And a second one is that $$ \eqalign{ & \left\{ x \right\} + \left\{ y \right\} = \cr & = \left\{ {x + y} \right\} + \left\lfloor {\left\{ x \right\} + \left\{ y \right\}} \right\rfloor = \cr & = \left\{ {x + y} \right\} + \left[ {1 \le \left\{ x \right\} + \left\{ y \right\}} \right] \cr} $$ where $[P]$ denotes the Iverson bracket

From these, you can get a rough estimate, considering that the fractional part is less than one, and on avg. it can be take to equal $1/2$.
Then it depends on the approximation you need to reach.

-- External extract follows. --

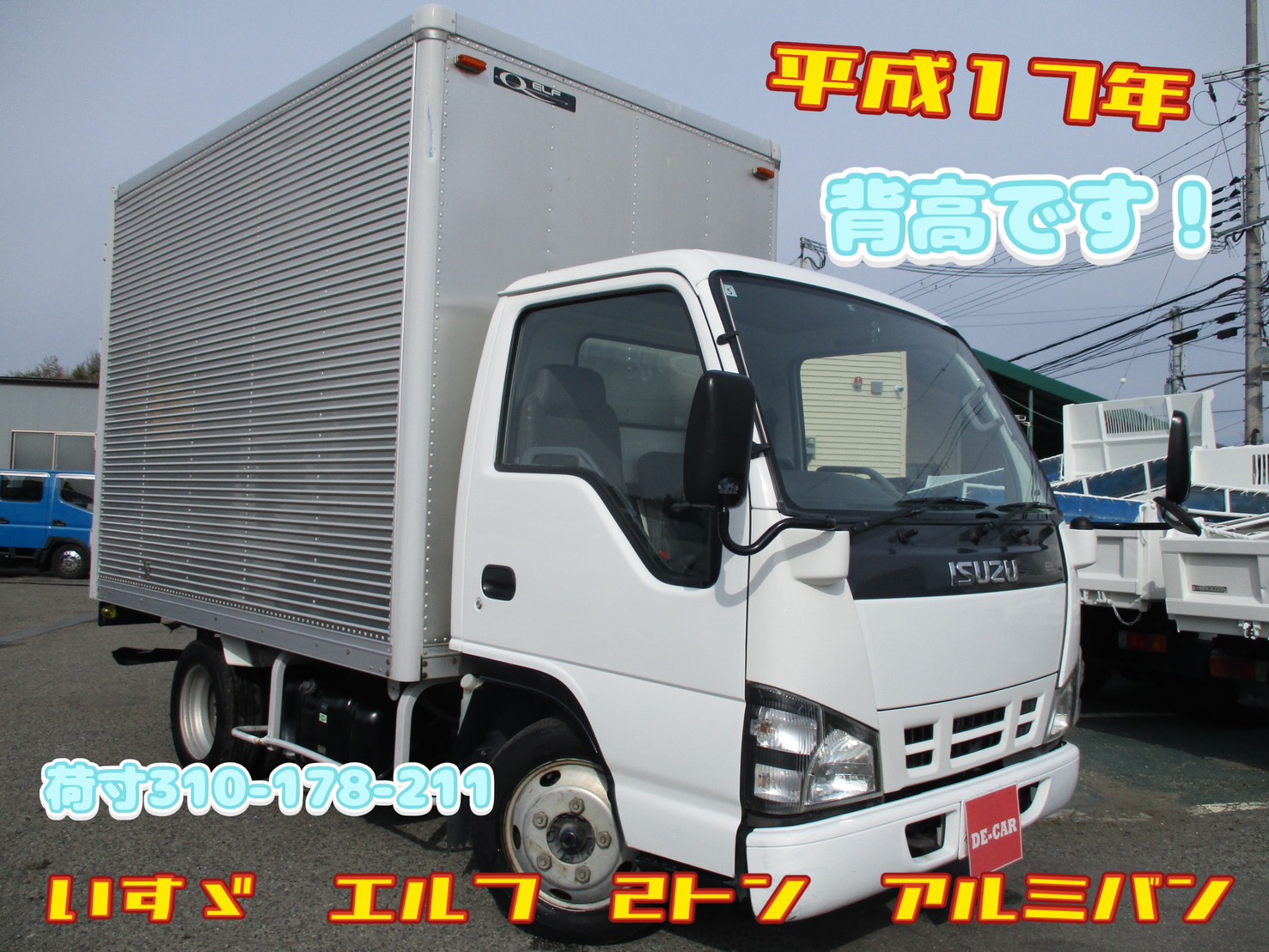 平成17年式 いすゞ エルフ 積載2トン 背高!アルミバン 全低床 5速MT 荷寸310-178-211(間口:幅178-高さ206) ETC ドライブレコーダー ラッシングレール左右1段ずつ 日本フルハーフ製 型式:DLK リア観音扉 ターボ無し 180馬力 ABS 坂道発進補助装置 ASR PS PW エアバック 取扱説明書 スペアタイヤ 集中ロック 4HL1エンジン タイヤサイズ:205/65R16 地上高:86cm NOX適合 ☆車検令和8年5月30日迄有り☆ ★お問い合わせ番号:4873★

A further point is that $$ \eqalign{ & \left\lfloor {x + y} \right\rfloor = \cr & = \left\lfloor x \right\rfloor + \left\lfloor y \right\rfloor + \left\lfloor {\left\{ x \right\} + \left\{ y \right\}} \right\rfloor = \cr & = \left\lfloor x \right\rfloor + \left\lfloor y \right\rfloor + \left[ {1 - \left\{ x \right\} \le \left\{ y \right\}} \right]\quad \Rightarrow \cr & \Rightarrow \;\quad \left\lfloor {{{N + 1} \over a}} \right\rfloor = \left\lfloor {{{N - 1} \over a}} \right\rfloor + \left\lfloor {{2 \over a}} \right\rfloor + \left[ {1 - \left\{ {{2 \over a}} \right\} \le \left\{ {{{N - 1} \over a}} \right\}} \right] \cr} $$ which for $a=1$ and for $a=2$ gives simple results, and for $3 \le a$ becomes $$ \eqalign{ & \left\lfloor {{{N + 1} \over a}} \right\rfloor \quad \left| {\;3 \le a} \right.\quad = \cr & = \left\lfloor {{{N - 1} \over a}} \right\rfloor + \left[ {{{a - 2} \over a} \le \left\{ {{{N - 1} \over a}} \right\}} \right] = \cr & = \left\lfloor {{{N - 1} \over a}} \right\rfloor + \left[ {a - 2 \le \left( {N - 1} \right)\bmod a} \right] = \cr & = \left\lfloor {{{N - 1} \over a}} \right\rfloor + \left[ {a - 2 = \left( {N - 1} \right)\bmod a} \right] + \left[ {a - 1 = \left( {N - 1} \right)\bmod a} \right] = \cr & = \left\lfloor {{{N - 1} \over a}} \right\rfloor + \left[ {0 = \left( {N + 1} \right)\bmod a} \right] + \left[ {0 = N\bmod a} \right] = \cr & = \left\lfloor {{{N - 1} \over a}} \right\rfloor + \left[ {a\backslash N} \right] + \left[ {a\backslash \left( {N + 1} \right)} \right] \cr} $$ so that the sum of the two terms differ for the number of divisors of $N$ and $N+1$.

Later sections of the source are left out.